Kremlin Risks Making Things Still Worse by Restarting Regional Amalgamation Plans, Shaburov Says

Paul Goble

            Staunton, November 30 – Aleksey Shaburov, the editor of the Politsovet portal, says that the Kremlin plans to redraw the borders of the regions and republics of Russia after 2018 but argues that if it does so without changing the political system as a whole, that process risks making the country’s economic and even political situation much worse.

            Shaburov, who says that he favors the redrawing of many of the existing borders within the country because doing so is “that rare case when the authorities are moving in the right direction, but there is a great risk that they as is their custom will end by doing the wrong thing” (

            The regional division of the country clearly needs updating, he argues. “The Russian Federation inherited an administrative-territorial division from Soviet times and did not rethink or replace it.” Much of that system was the product of official “arbitrariness” and cannot be justified now.

            “In the planned Soviet system,” Shaburov says, the division into republics and regions “could exist, but in the current federal one, when each region has its own taxes and budgets, the economic harm of this system is becoming ever more obvious.” 

            The regions and republics need to be combined, he continues, but “everyone understands” that poor regions will not become rich unless their borders are changed. And people also understand that while the regions are formally equal, they are in fact anything but – and this situation is further exacerbated by the existence of republics.

            “If from a legal point of view, Sverdlovsk oblast is in no way different from let us say Chechnya, then from the point of view of the functioning of political institutions, there is between them an enormous gap, one that is in no way reflected in the legal acts” of the Russian Federation.

            But making any changes in borders or status will be difficult, Shaburov says, because this requires “a serious, broad and general” discussion of all interested parties. But “alas, in contemporary Russian politics, there are no mechanisms for such a discussion” and so it is unlikely to take place.

            Instead, the Kremlin will make the decision and impose it on the country, and any public discussion will be only “an imitation” of something real.  That probably doesn’t matter for many issues, but it clearly does matter and matters profoundly for any change in borders or the status of regions and republics.

            The greatest obstacle to a serious discussion of these things is that “the theme of interethnic and inter-regional relations in the Russian Federation are subject to a multiplicity of taboos.”  Federal law in fact “prohibits the discussion of the territorial composition of the state and de facto bans criticism and casting doubt on certain aspects of ethnic policy.”

            Under those conditions, regional leaders and most others concerned with this issue will be afraid to say anything, and that means that “in the discussion of the amalgamation of regions, the leading role inevitably will remain with the federal center which has its own interests which do not correspond with the interests of the regions.”

            That entails “several risks,” the Moscow commentator says.
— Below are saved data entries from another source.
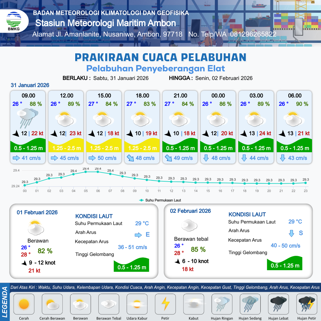 31 Jan 26, 12.00 3 jam kedepan | Barat Laut 10 kt Gust Peningkatan kecepatan angin yang singkat dan tiba-tiba : 18 kt | 1.2 m Rendah | Tenggara 49.0 cm/s | 10 km | 27 °C | 84 % | +0.12 m | |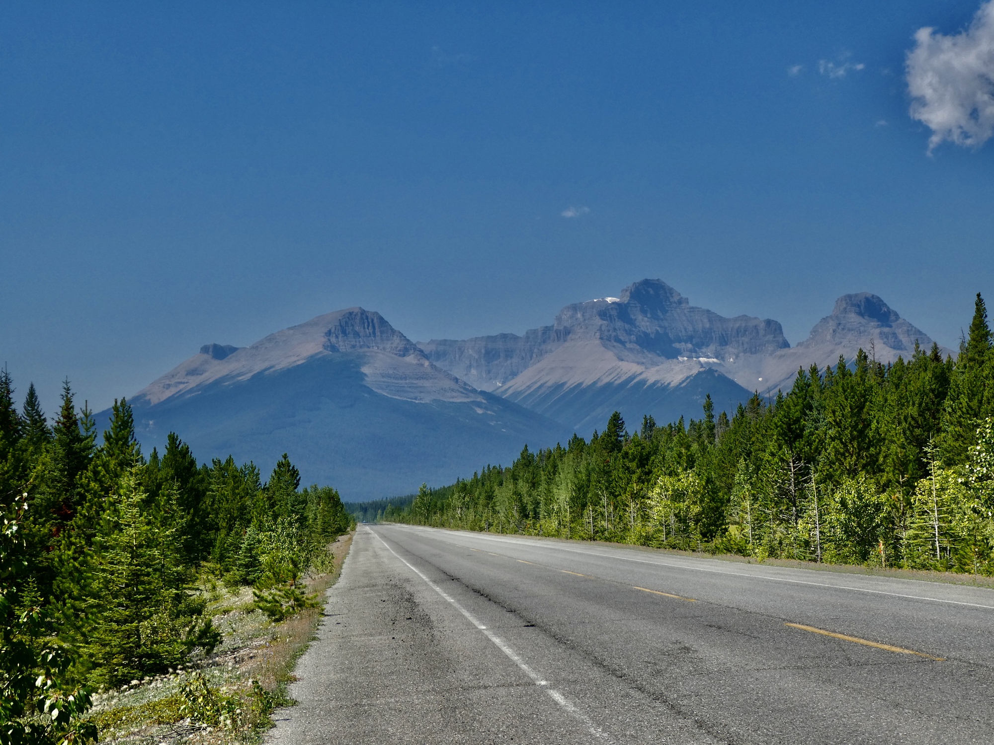 On the drive south, between watching out for vista points and wildlife sightings I have my mind on which ride to take to break up the drive today. We have two mapped out and loaded to the Garmins, both starting at Saskatchewan River Crossing. One backtracks up the Icefields Parkway to the base of the Big Loop, the long, gradual climb up Parker Ridge. We biked this route (and then some) five years ago, and for a change I thought ahead of time to reread our post of that day and was tempted to repeat the ride because we enjoyed it so greatly the first time.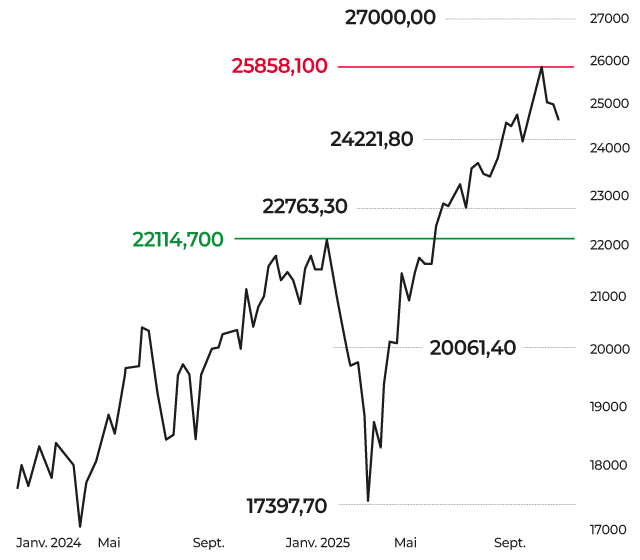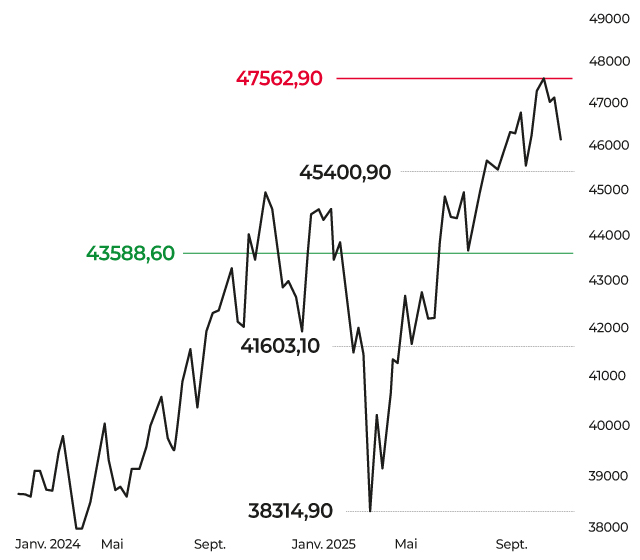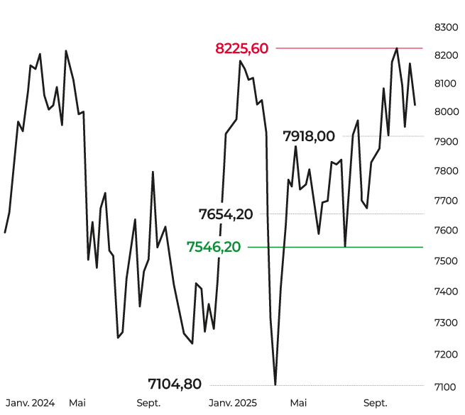 Sur un horizon de temps plus court, l’indice est revenu tester la borne basse de son range, dans la zone des 7 918 points et correspondant à ses plus bas de début novembre. Cette zone de cours devra impérativement engendrer une réaction positive, sous peine de dégagements plus marqués qui pourraient rapidement ramener l’indice vers les 7787 points, voire 7 650/7 537 points par extension.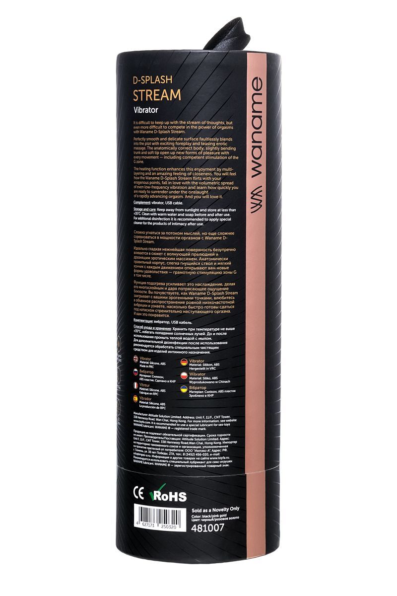 Сложно угнаться за потоком мыслей, но еще сложнее соревноваться в мощности оргазмов с Waname D-Splash Stream. Благодаря изогнутому стволу этого вибратора, его увеличенной головке и функции подогрева бурная энергия возбуждения достигает кульминации с завидным постоянством, особенно когда он снова и снова находит труднодоступную точку G. Идеально гладкая нежнейшая поверхность безупречно вливается в сюжет с волнующей прелюдией и дразнящим эротическим массажем. Анатомически правильный корпус, слегка гнущийся ствол и мягкий кончик с каждым движением открывают вам новые формы удовольствия — грамотную стимуляцию зоны G в том числе. Функция подогрева усиливает это наслаждение, делая его многослойным и даря потрясающее ощущение близости. Вы почувствуете, как Waname D-Splash Stream заигрывает с вашими эрогенными точками, влюбитесь в объемное распространение ровной низкочастотной вибрации и узнаете, насколько быстро готовы сдаться под натиском стремительно наступающего оргазма. И вам это понравится. Функция подогрева. Слегка гнущийся изогнутый ствол и мягкий кончик. 3 режима вибрации + 7 программ пульсации. Интуитивно понятное управление. Ультранежная поверхность из мягкого «жидкого» силикона. Мощный мотор с низкочастотной вибрацией. Влагостойкий. USB-зарядка. Световая индикация кнопок. Беспрерывная работа на самой большой скорости — 1 час.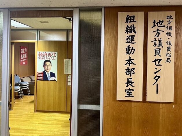 自民党 広報本部 職員との打ち合わせ、組織運動本部 職員との打ち合わせ、決裁( 自民党本部・組織運動本部長室 )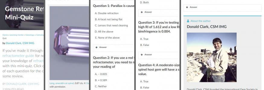 Test your knowledge of refractometer gem analysis with this mini-quiz. You can review material on any question you miss at the end of the quiz.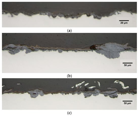 Optical microscope images showing evolution of the cross section of (a) the artificial patina (10% H2SO4) from its initial formation on WS (t = 0) and (b) after 12 months of exposure to the Madrid atmosphere. (c) Natural patina is shown for comparative purposes.

He lists four:

·         First, “there is the risk that the model of enlarging regions will simply be imposed by order, and this will be even worse than if nothing were changed.”

·         Second, “the new model if it appears could lead to the further political centralization” of the state with more unitarism and less federalism.

·         Third, “there is the risk that from the economic point of view, the regions as a result of amalgamation will lose more than they gain,” especially if tax and budgetary arrangements remain as they are now, arrangements than benefit Moscow but not the regions.

·         And fourth, “there is a great chance” that Moscow could seriously destabilize the country if it decides to do away with the national republics without consulting with their populations.

In short, Shaburov argues, “the reform of regional arrangements cannot occur separately from reforms of the remaining parts of the political system” because “if it is carried out within the framework of the current political configuration, there is every chance that things will only become worse.”